Jesus is the mediator.  There’s no other way.  Even the old way that God once gave is now defunct.

Imagine a frozen river.  The first time Veronica and I went to Montréal the St. Lawrence and Ottawa Rivers were frozen.  We were driving across the bridge from the west end of the island where the two rivers meet and we saw a Jeep cruising over the ice back towards Montréal.  The ice was that thick.  You can do that in the middle of a cold Québec winter, but when Spring comes the bridge is the only way across.  Try driving your car on thin ice—or try driving on water—and you’ll die.

In Jesus Spring has come to the world.  In Jesus a bridge has been provided across the water.  The law was perfectly good in its time, just as the ice was safe to drive on if you wanted to cross the river in January, but the time has passed for that.  If you want to cross the river now the bridge Jesus provides is the only way.  Hebrews was written to people who feared persecution for following Jesus.  They were tempted to try to drive across the water.  Last week in our Epistle from Galatians we read about the Judaisers.  They were insisting that to follow Jesus the Gentiles had to be circumcised, follow the right dietary rules, and observe the Sabbath.  They still said they were following Jesus, but it doesn’t work that way.  That’s like telling everyone how perfectly good the bridge is while trying to drive your car across the water.  The ice is gone.  The time for those old ways has passed.  Jesus offers something better and his way is the only way.

Brothers and Sisters, do our lives demonstrate faith in Jesus as our sole mediator?  While you and I may not be tempted to go back to the law or the temple or the old covenant sacrifices, we have our own pasts to which we often hold more tightly than we may realise.  We profess faith in Jesus, but we still haven’t repented of all of our old loyalties, all of our old ways of doing things, all of our old sources of security.  We profess Jesus, but we still find satisfaction in sin and in self.  We say we trust Jesus, but we still look for security in work and in money.  We say we trust Jesus, but we often evaluate ourselves spiritually in terms of dead works.  Friends, it’s like giving people directions to the bridge, while we ourselves are sitting in our cars with the engine running, nosing our wheels into the river.  Lent is a time for us to look around, to take stock, and to evaluate our situation.  Easter is only a few weeks away.  It’s a reminder that in Jesus Spring has arrived.  The river isn’t frozen anymore.  We need to let go of the old ways of life and follow Jesus. Yes, it means challenge and it means sacrifice, but Jesus is better in every way.  He has redeemed us from dead works to serve the living God.

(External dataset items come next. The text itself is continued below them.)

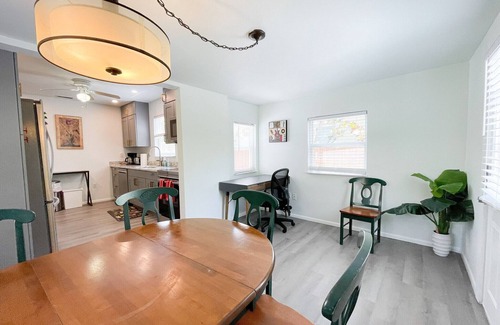 Minutes from the beach and downtown, this home is centrally located in a quiet brick paved street residential neighborhood. You can have your private space while vacationing with family, in-laws or friends... the best of both worlds. The main house is completed with 2 studios to accommodate a total of 10 guests. The house is equipped with everything you need to enjoy your visit to St Pete. Sip on a drink on the porch or relax in the backyard hammock with a book, while enjoying the weather.
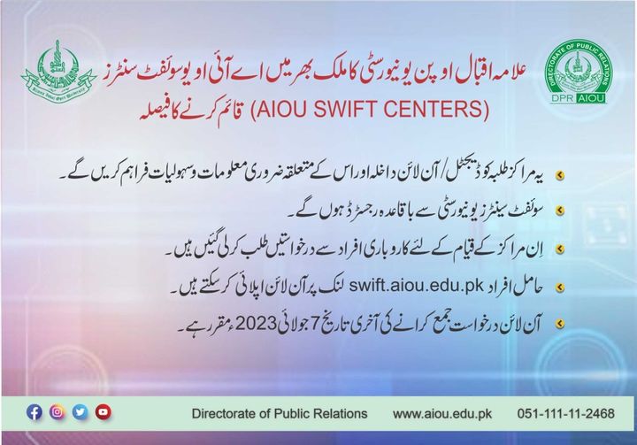 Allama Iqbal Open University Islamabad is embarking on an initiative to establish swift centers across the country. These centers aim to provide comprehensive assistance and support to candidates enrolled in various programs and disciplines offered through distance learning. The establishment of these centers underscores AIOUs commitment to facilitating a seamless learning experience for its students.
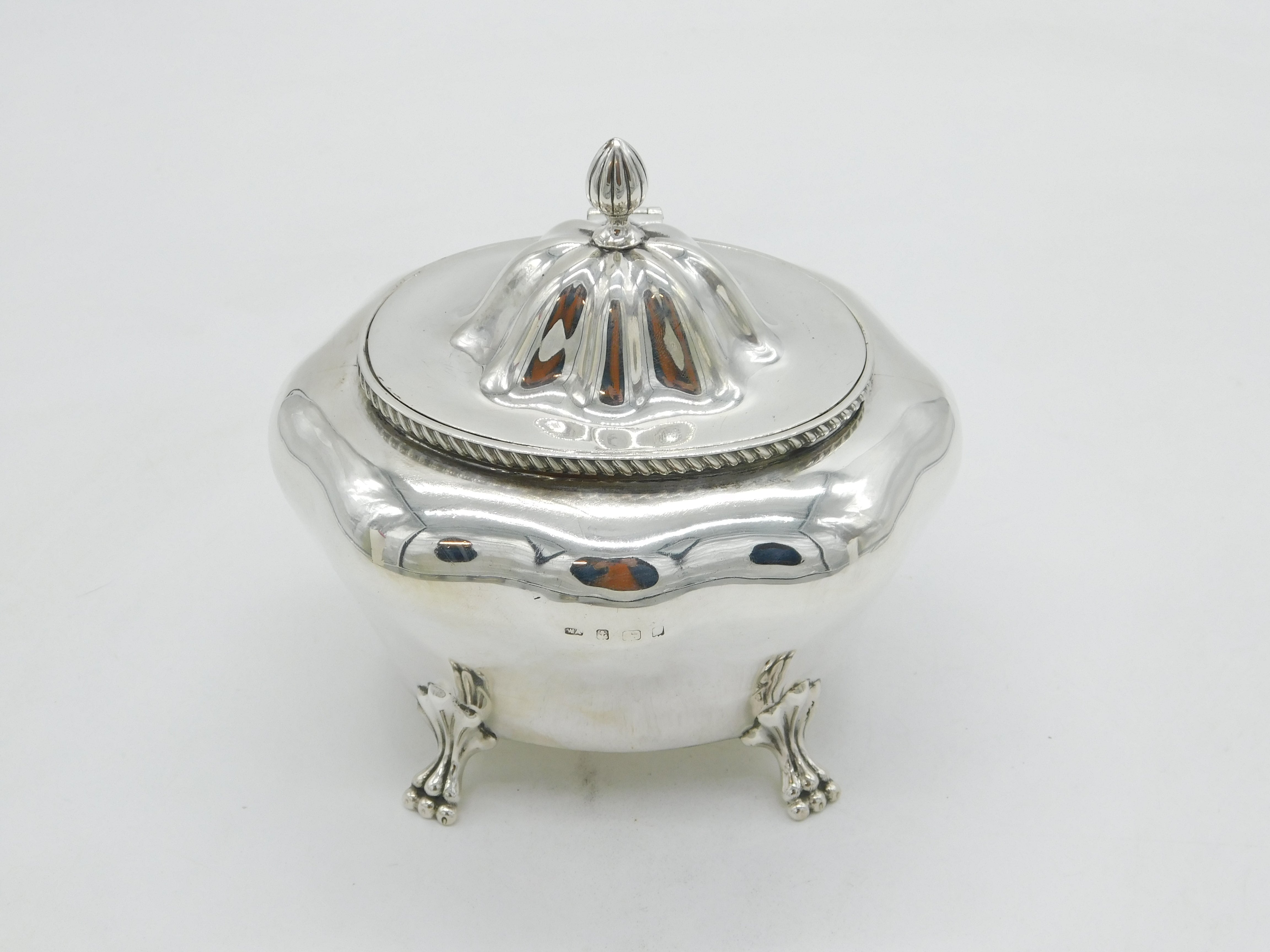Edwardian Sterling Silver Paw-Foot Fluted Tea Caddy Antique 1905 Birmingham
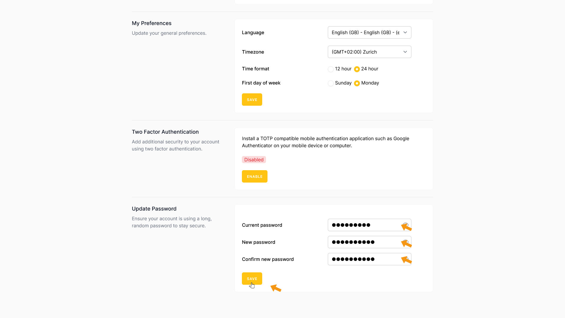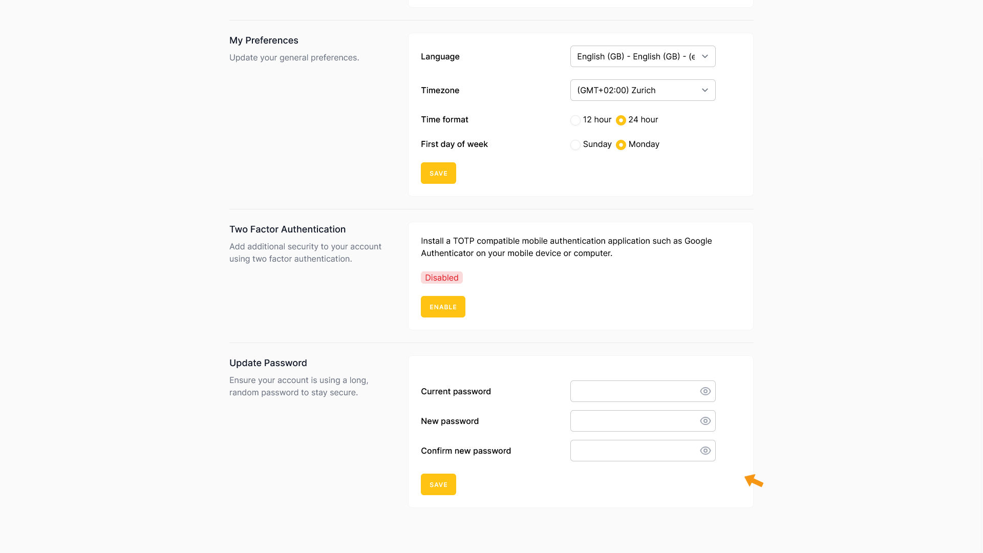 To change your current password, first enter it in the Current password field. Then enter your new password twice — once in New password and once in Confirm new password.
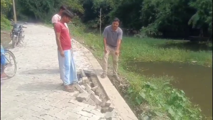 ভেঙ্গে পড়ছে রাস্তা ক্ষোভ গ্রামবাসীদের , প্রতিবাদ করায় ঠিকাদারের হুমকির অভিযোগ
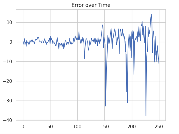 The plot on the right shows the error over time. While the mean consistently hovers around zero there are some autocorrelated deviations, particularly at the end. These deviations are linked to the autocorrelation that we found in the PACF plot. Finally, the errors increase after the name change - we have heteroscedasticity.
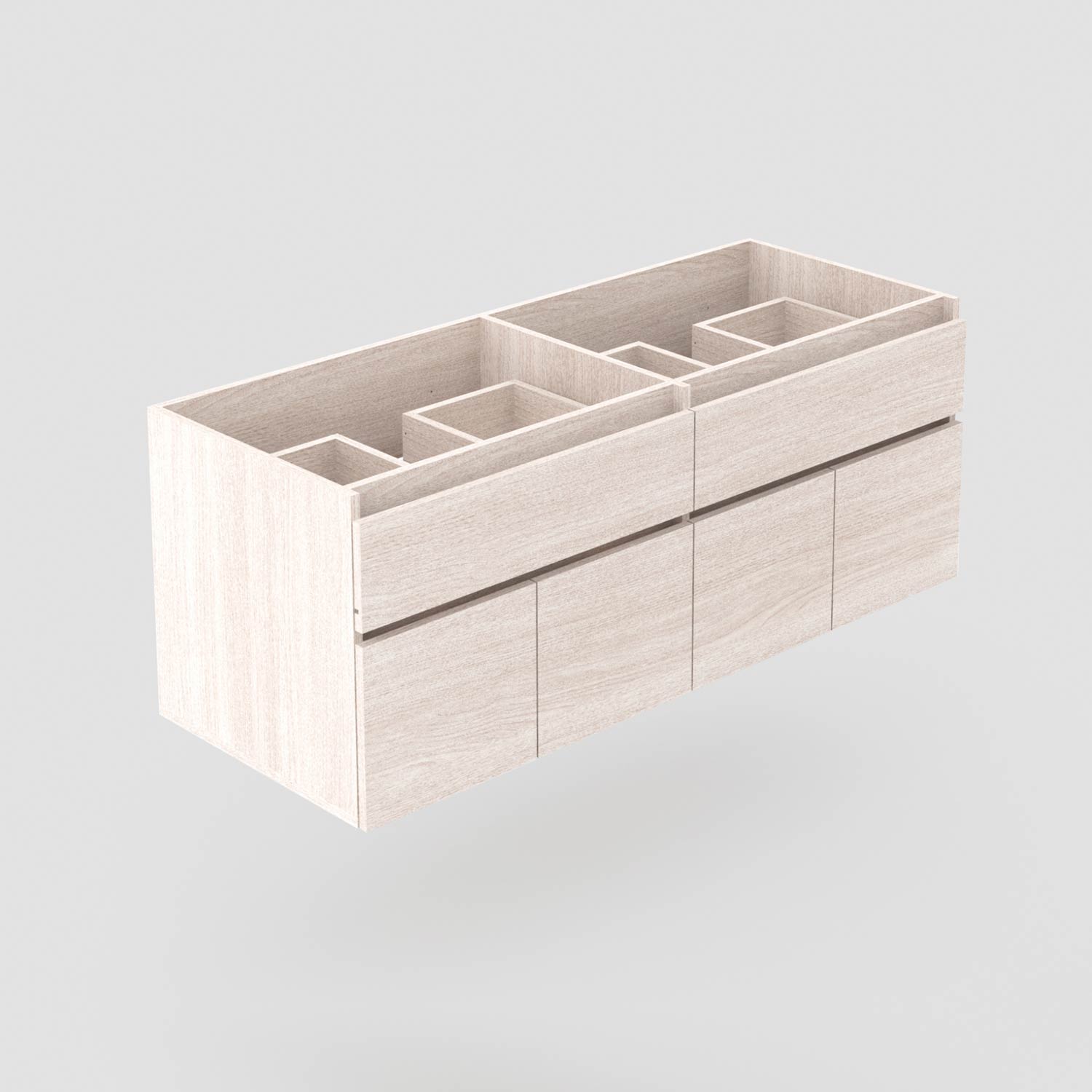 - Mueble elaborado en aglomerado de 15 mm enchapado en melamina, con canto de 2 mm en frentes
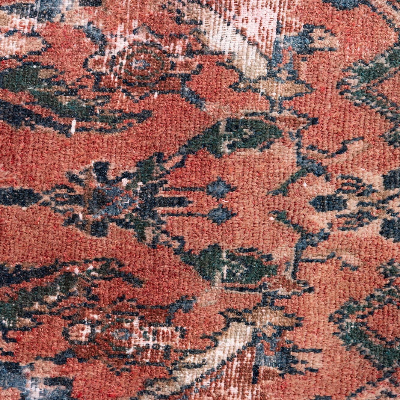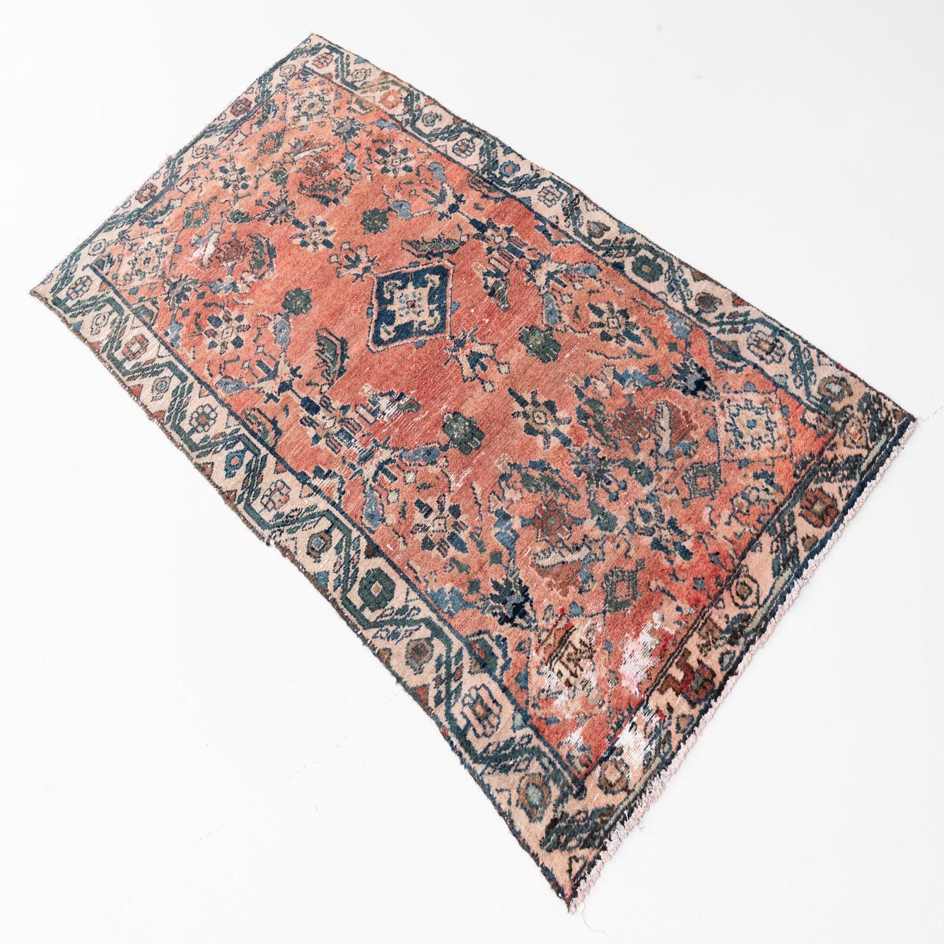 This Persian Ultra Vintage rug is an antique Persian Rug that has been washed, over-dyed, and then shaved down to a low pile. Look at the detail pictures to fully appreciate the uniqueness of this piece.
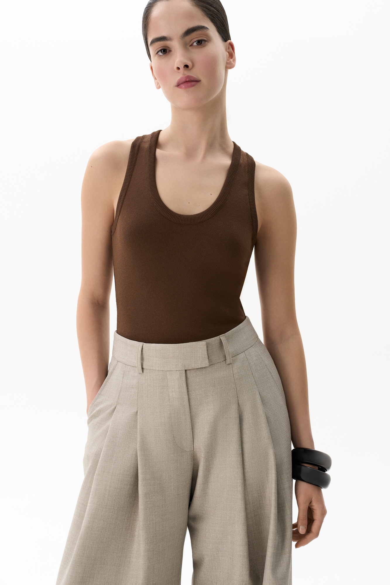 Трикотажный топ из вискозы. Модель приталенного силуэта, с U-образным вырезом горловины и глубокой проймой.

Let us pray: Gracious Father, we thank you this morning for the sacrifice you have made in the death of your Son, our Lord, Jesus Christ.  In Jesus the price of our sin has been paid once and for all.  By his blood we are washed clean through and through.  Strengthen our faith, Father, that we might trust fully in Jesus as our only mediator.  Open our eyes to the areas of life in which we’ve failed to repent, and give us the faith to entrust those things to you.  We ask this through him, our Saviour and Lord.  Amen.